The Worker Adjustment and Retraining Notification Act, which requires companies to give employees 60 days notice before mass layoffs or a plant closing, was originally intended to help blue-collar workers deal with plant shutdowns. Now, laid-off tech workers are finding out that it can apply to them as well, and they're taking action.
The WARN Act could become an issue for the tech sector as an increasing number of companies shed workers, lawyers say. So far, workers have filed suits against several companies, including bankrupt grocery e-tailer Webvan and out-of-business information-technology services provider Inacom.
Lawyers for Webvan and Inacom did not return phone calls.
"There's a common misconception that protections of WARN extend only to blue-collar employees, when in fact the protections extend to all employees of companies with more than 100 people," said attorney Adam Levin, a partner at the Labor & Employment group at Mitchell Silberberg & Knupp, in Los Angeles. "There are a considerable number of high-tech companies (that have) given WARN notices."
For instance, so far this year in California, 16 companies have given notice, and roughly one-third of those are in the high-tech sector, according to the Web site for the state of California's Employment Development Department. Last year, companies filed about 400 notices, which include multiple filings by individual companies. Each state has its own list.
Companies that haven't given proper notice are being taken to task by those employees.
Probably more commonly known as the plant-closing act, the law was passed in 1988 and went into effect in 1989. It was originally intended to give factory workers some notice before companies shut down a plant, and to help local authorities prepare themselves for the strain the unemployment could cause to the local economy.
But the specifics of the law make it applicable to many high-tech companies.
It requires companies with more than 100 workers to give employees at least 60 days notice of a plant closing or mass layoffs. A plant closing is defined as the shutdown of a single site in which 50 or more employees lose their jobs. Mass layoffs occur when a company lets go 500 workers over 30 days, or 33 percent of the work force, if that means at least 50 people.
Violators of the act can be forced to pay damages and civil penalties. For former employees, that can mean back pay.
That's what former employees of at least two high-tech companies are hoping for. Former Webvan and Inacom employees have filed suits against their respective companies, which have both gone bankrupt.
Employees aren't the only ones taking an interest; last year the Connecticut attorney general filed suit on behalf of 106 employees of Walker Digital, an intellectual-property lab owned by Priceline.com founder Jay Walker.
The technology industry has seen its fair share of layoffs over the past year. And some have come without the sort of notice that would seem to be required under this act; it's not uncommon to hear of entire departments being told at 9 a.m. to have their desks cleaned out by lunch. So why haven't there been more complaints about violations?

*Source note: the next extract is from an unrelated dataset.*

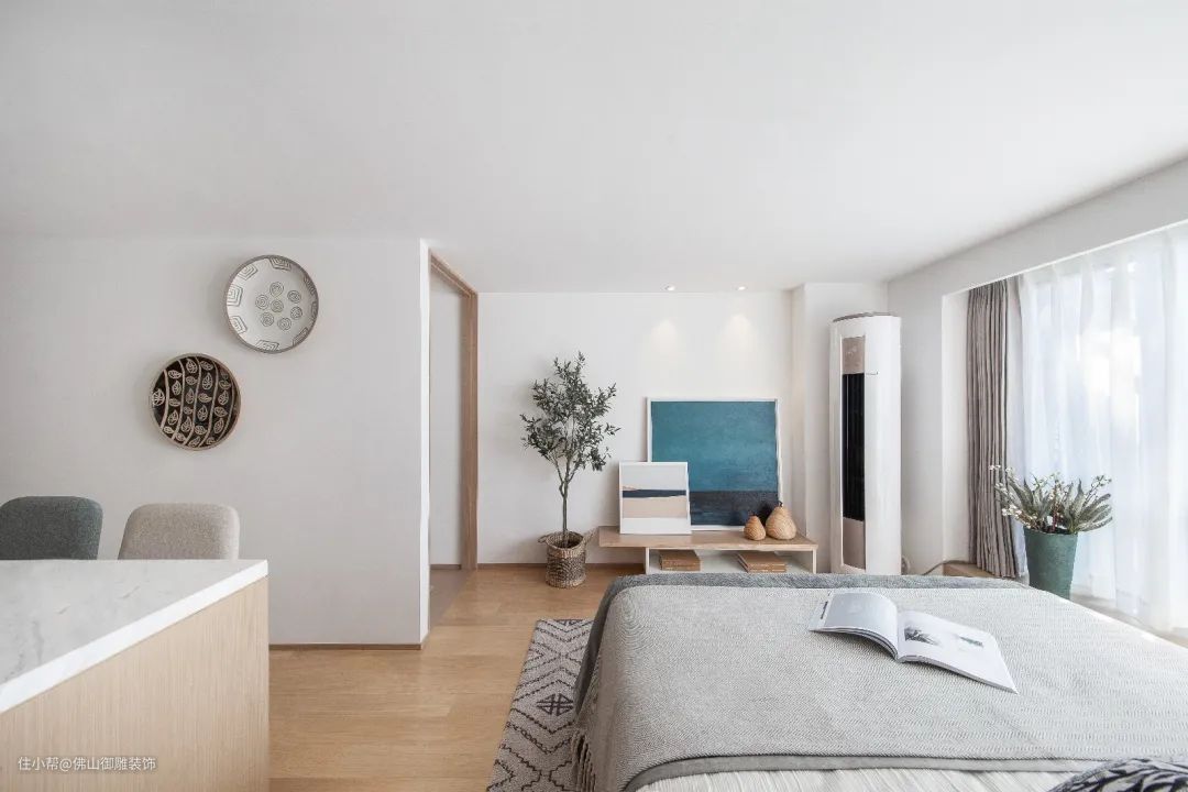 ▲床尾位置布置一个小矮柜+空调柜机,布置绿植与装饰画,而在餐桌后的空墙上也是挂了两个圆形的装饰,让这个公寓空间充满简雅温馨的文艺气息。

"Before this past year when all the layoffs started happening, people weren't even paying attention to WARN. A lot of people weren't even aware it was an issue," said attorney Wendy Lazerson, a partner in the San Francisco office of Holland & Knight. "So some employees signed releases that gave waiver to all claims."
Exceptions to the rule
Now that the layoffs have picked up, more employees and companies know about the act. But unfortunately for the workers, the few exceptions specified in the act apply to many tech company layoffs.
The biggest factor for them is probably size. While start-ups have gone belly-up right and left, many are small and therefore don't meet the employment requirements of the act.
The other exceptions go to the heart of the high-tech world. The act excuses companies for which the mass layoffs are an "unforeseen business event." In a typical case, a key customer suddenly announces it is canceling a contract. With no advance notice from that customer, the company can't be expected to give employees advance notice.
"Webvan took the position that it was unforeseen and could not have been anticipated," Lazerson said. "The employees are saying, 'Hey you must have seen this coming, just look around.'"
Another exception is designed to help a company possibly prevent the layoffs in the first place. If a company is actively searching for funding, it's not required to give notice until absolutely necessary.
"Giving the notice can be a self-fulfilling prophecy, particularly in high-tech. Suppliers get concerned, you may lose employees who you'd hope to keep," said Luis Salazar, a bankruptcy attorney with Greenberg Traurig in Miami. Companies are given more time "if they think they can postpone the layoff or put it off altogether if they can get new money," he said.
But some companies simply plead ignorance.
"Companies that tend to violate are usually companies that are recent start-ups or are owned by one or two entrepreneurs who have a company large enough to qualify but which may not be very large," said Mark Fancher, senior staff attorney at the Maurice and Jane Sugar Law Center for Economic and Social Justice, which is representing the Inacom employees. The Sugar Law Center is part of the National Lawyer's Guild project that focuses almost exclusively on WARN Act cases.
"A lot of companies that don't comply don't do it because they may not have ever heard of it," Fancher said. "Or they read through it and presume because of ignorance or arrogance that they won't have to comply or will get away with it."